The factual and contractual background and the issues
The basic nature of the transaction
Although the documentation supporting the issue of the Notes is regrettably and forbiddingly voluminous, neither the basic contractual and financial concepts underlying the Notes nor the nature of the problems which have arisen is particularly complex. The relevant factual background is as follows.
In July 2007, in accordance with the purpose for which it was formed, the Issuer acquired, for just under £646m a portfolio of about £650m sterling denominated mortgage-backed loans ("the mortgages") all relating to UK residential properties.
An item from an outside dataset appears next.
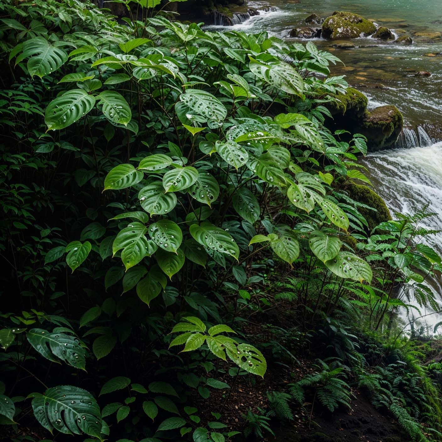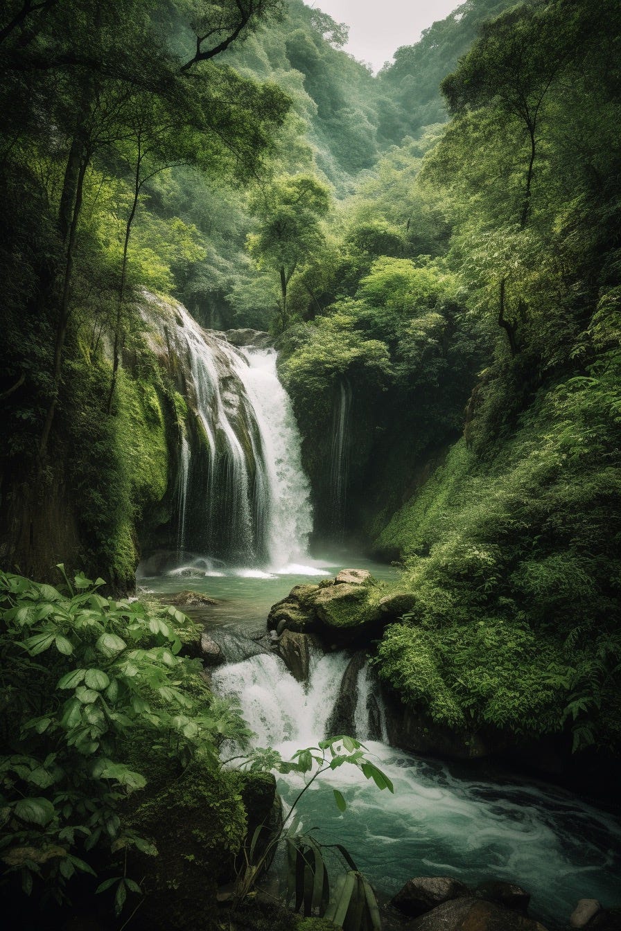 "photography, a green lush waterfall in the middle of the jungle, (realistic water, waterfall, water drops:1.3), (realistic plants and tress:1.3), rain forest, (realistic ferns:1.2)"

These mortgages were in the main so-called non-conforming residential mortgages, i.e. the borrowers did not satisfy the requirements of building societies and banks.
The mortgages were at varying rates of interest, and had different final redemption dates (although most, possibly all, were redeemable early at the option of the mortgagor). In order to fund the acquisition, the Issuer sold investors various instruments. The total amount raised on the sale of different classes of interest bearing Notes was £659.75m. £9.75m of this amount was raised by way of different classes of interest bearing Notes. The balance of £9.75m was raised through the sale of so called ETc Notes which have been repaid, and which, although referred to in argument, do not appear to me to have any bearing on the issues on this appeal.
The balance of £13.75m, being the difference between the cost of the mortgages and the amount raised, was devoted to the expenses of the issue, which were some £2.46m, and two reserve funds, amounting to some £11.3m in aggregate.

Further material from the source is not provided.